Data Retention by Class¶

agent-bom should not feel like "whatever the backend keeps." Retention is a product contract.

The design principle is:

keep the transactional control plane lean
persist the security evidence you actually need
push event-scale history into optional analytics or archive tiers when you want longer retention

This page defines the recommended retention model for a self-hosted deployment.

Retention classes¶

Data class	What it includes	Primary store	Recommended retention	Why
Control-plane state	tenants, policies, schedules, API keys, source registry, fleet state, graph state	`Postgres` / `Supabase`	keep current state + short operational history	transactional truth, not a data lake
Scan jobs and results	submitted scans, summaries, attached result payloads	`Postgres` / `Supabase`	14-90 days in the control plane	enough for operator review without turning the API DB into an archive
Runtime operational evidence	proxy audit ingest, traces, OCSF ingest, gateway activity	`Postgres` for recent operational views, optional `ClickHouse` for longer history	7-30 days in control plane, 30-365+ days in analytics	recent ops stay fast; history moves to analytics
Compliance evidence	signed evidence bundles, exported reports, review packets	`S3` or customer archive store	match framework policy	this is evidence, not dashboard cache
Security-lake / warehouse mirrors	analytics projections, governance joins, long-range history	`ClickHouse`, `Snowflake`, future `Databricks` target	customer-defined	lake and warehouse retention should be explicit and owned by the operator

Product rule¶

The control plane should stay good at:

answering "what is true right now?"
supporting operator workflows
serving recent scans, findings, fleet state, and runtime posture

It should not silently become:

a multi-year event archive
a warehouse substitute
a compliance evidence bucket

That is why the recommended shape is:

Postgres = transactional truth
ClickHouse / Snowflake = analytics and governance tier
S3 = archive and evidence

Recommended defaults¶

These are operator defaults, not enforced hard limits.
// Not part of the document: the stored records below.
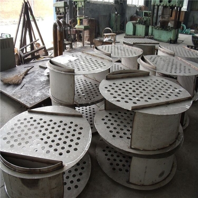 Die Struktur des Blasenkappenbehälters wird hauptsächlich aus einer Blase (Gas-Flüssigkeitskontaktelement), einem Gasaufbruch, einem Sammelwehr, einem Downcomer und einem Behälter verfasst. Der Blasenbehälter wird mit einer Mehrzahl von runden Löchern auf der Behälterplatte versehen, und jedes Loch wird mit einem kurzen Rohr geschweißt, das ein Aufbruchrohr genannt wird, und das Rohr wird mit einem „Hut“ nannte eine Blase bedeckt, und eine Mehrzahl von Streifen werden um die Blase gebildet. Loch, während der Operation, die flüssigen Flüsse vom oberen Behälter durch den Downcomer in den unteren Behälter, dann fließt seitlich durch die Behälterplatte und -flüsse in den folgenden Behälter; das Gas steigt vom unteren Behälter in das Aufbruchrohr und von den Durchläufen durch den ringförmigen Durchgang. Die Streifenlöcher des Blasenflusses in die flüssige Schicht zwischen die Blase.
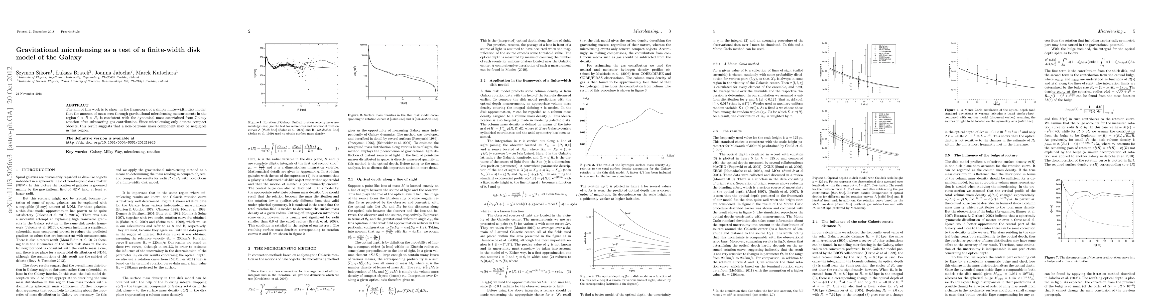 This study uses gravitational microlensing to test a finite-width disk model of the Galaxy, finding that the detected mass aligns with the dynamical mass from rotation curves, implying a negligible non-baryonic mass component in the region $0<R<R0$.
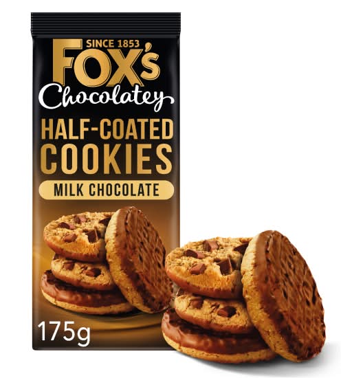 Cookies with Milk Chocolate Chunks Half Coated in Milk Chocolate. • Fox's Burton's Companies (FBC) UK, Wellington Street, Batley, West Yorkshire, WF17 5JE. • Packaging: Reusable
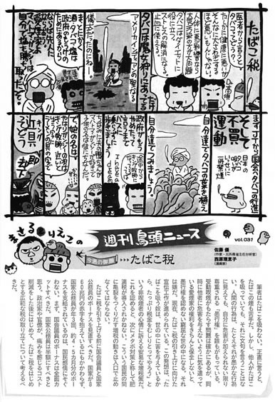 週刊新潮に連載中のコラム「週刊鳥頭ニュース」(平成21年12月17日号)に、作家・元外務省主任分析官の佐藤優氏が、鳩山民主党政権の暴政ともいうべきたばこ税値上げの動きに激しく警鐘を鳴らしていますので、愛煙家の方々にご紹介します。 民主党政権は反米親支路線を平然と嘯き、経済政策もまるでトンチンカン。戦後営々と築いてきた日本国の平和と繁栄を壊し始めている印象が否めない中で、たばこ税値上げのような些事ばかりを云々するのは本意ではありませんが、まさに些事だからこそ、この政権の危うい体質が鮮明に露呈したと言っても過言ではないでしょう。 私は、蘇連時代にモスクワに駐箚しておられた佐藤優氏に出張でお世話になったことがあります。当時、愛煙幸兵衛先生から「外務省の役人は御殿女中みたいな奴ばかりが幅を利かせているが、モスクワ大使館に佐藤優という端倪すべからざる異能の外交官がいる」とお噂を伺っていました。実際に現地で佐藤優氏にお会いしてその仕事振りを拝見し、外交官としての識見の高さと手腕の凄さに心の底から敬服するばかりでした。当時、佐藤優氏は外交官の身分としては最末端の理事官の境遇に甘んじておられましたが、帰国して愛煙先生に「我が国が北方領土問題を本気で解決しようと思うなら、佐藤優氏を7階級特進で駐蘇大使に起用すべきですが、身分制度に凝り固まった盆暗ぞろいの外務省だから所詮無理でしょうな」と慨嘆した記憶がございます。 さて、その佐藤優氏は、その後、鈴木宗男代議士にその抜群の能力と手腕を認められ、腹心として重用されるようになり、その結果、ポピュリズムに便乗した東京地検に巻き添えの筋違い逮捕され、やむなく作家に転向して現在に至っておられます。外務省は偉才の外交官を自ら放擲し、その結果、言論界は期せずして真の知識人作家を得たわけです。 佐藤優氏は、たばこを吸わず、たばこの煙も苦手だそうですので、我々愛煙家の仲間ではありませんが、物事の大局と本質をきちんと見極めておられる真の言論人として、益々のご活躍を祈念するものです。 ![]() |
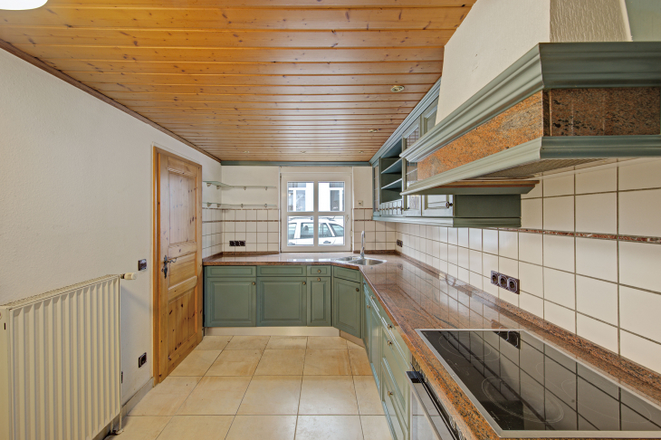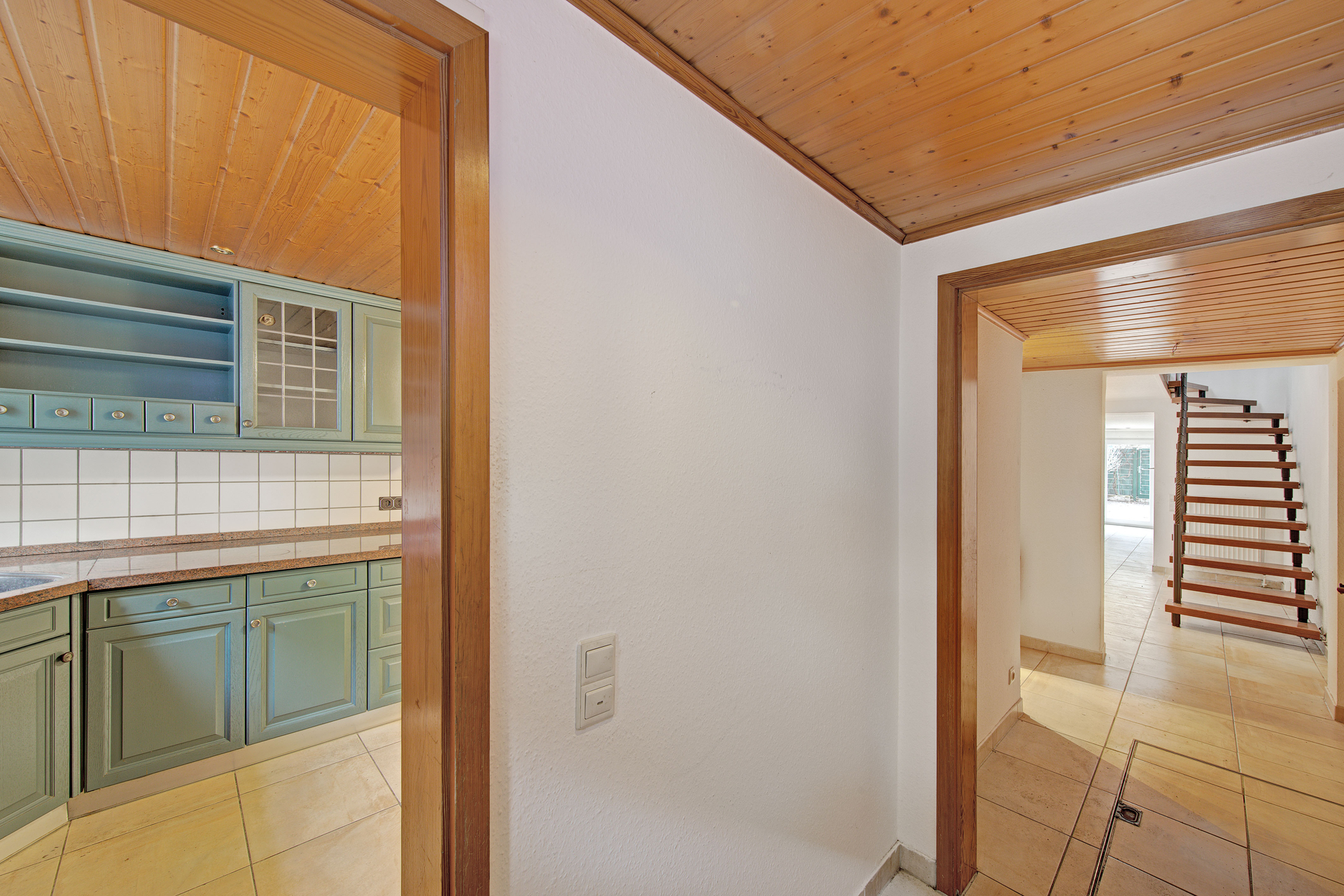 Links des Eingangs befindet sich die Einbauküche, perfekt eingebettet für kurze Wege im Alltag.
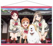 千歌、梨子、曜&しいたけの描き下ろしイラストを使用したタペストリーが登場!
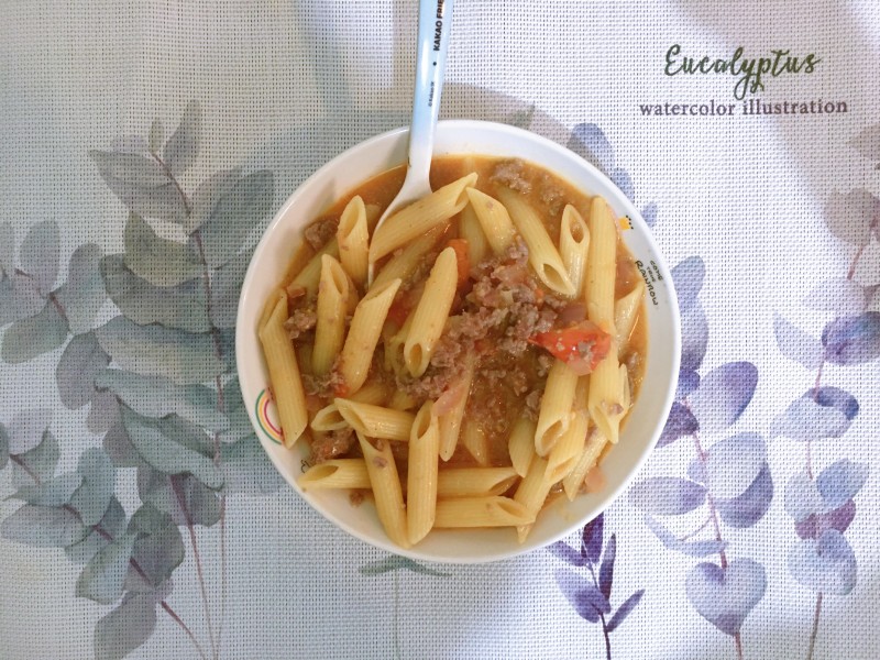 18:意面好后,捞出放到刚刚炒好的牛肉酱中
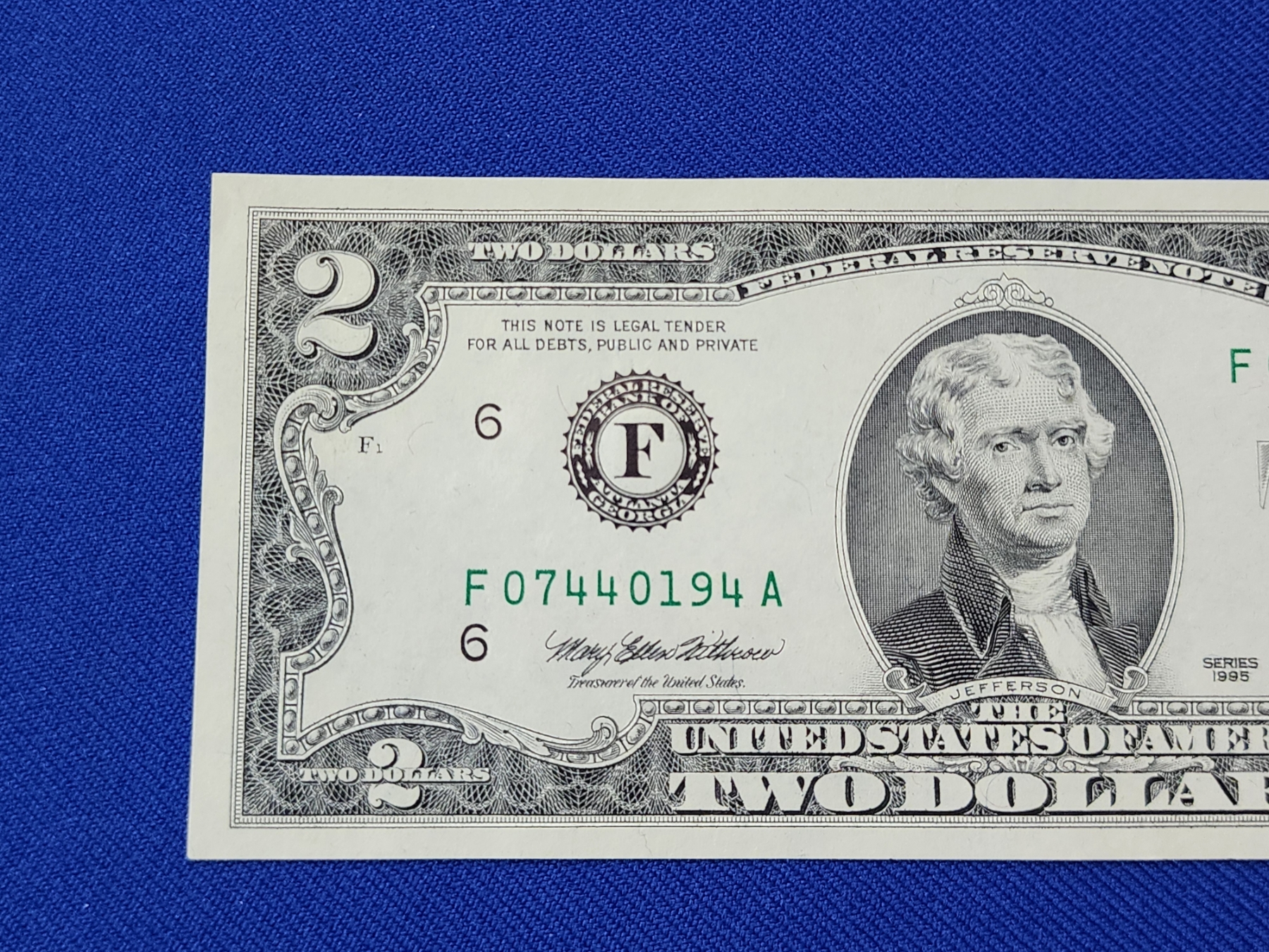 1995 United States $2 Bill - Excellent Condition
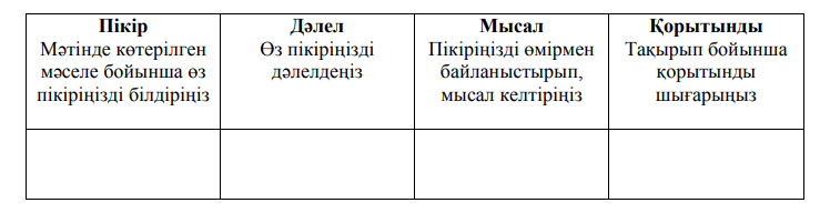 ЕББҚ: 1-тапсырма. Мәтінді оқиды, сұрақтарға жауап береді. |
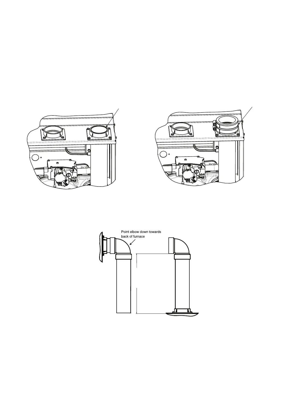 1. Attach vent pipe adapter with gasket to furnace casing.

Deployment shape	Scan job retention in control plane	Runtime evidence retention in control plane	Analytics/archive recommendation
Local / small team	14-30 days	7-14 days	no extra tier unless you need it
Enterprise pilot	30-60 days	14-30 days	add `ClickHouse` if runtime history matters
Broader rollout	30-90 days	7-30 days	move retained event history to `ClickHouse`, `Snowflake`, or archive

What stays in Postgres¶

Keep these in Postgres or Supabase even if you add a lake:

tenant-scoped policy and auth state
schedules and active job coordination
fleet and source registry state
graph and remediation workflow state
recent operational views that need fast transactional reads

This keeps the control plane predictable and fast.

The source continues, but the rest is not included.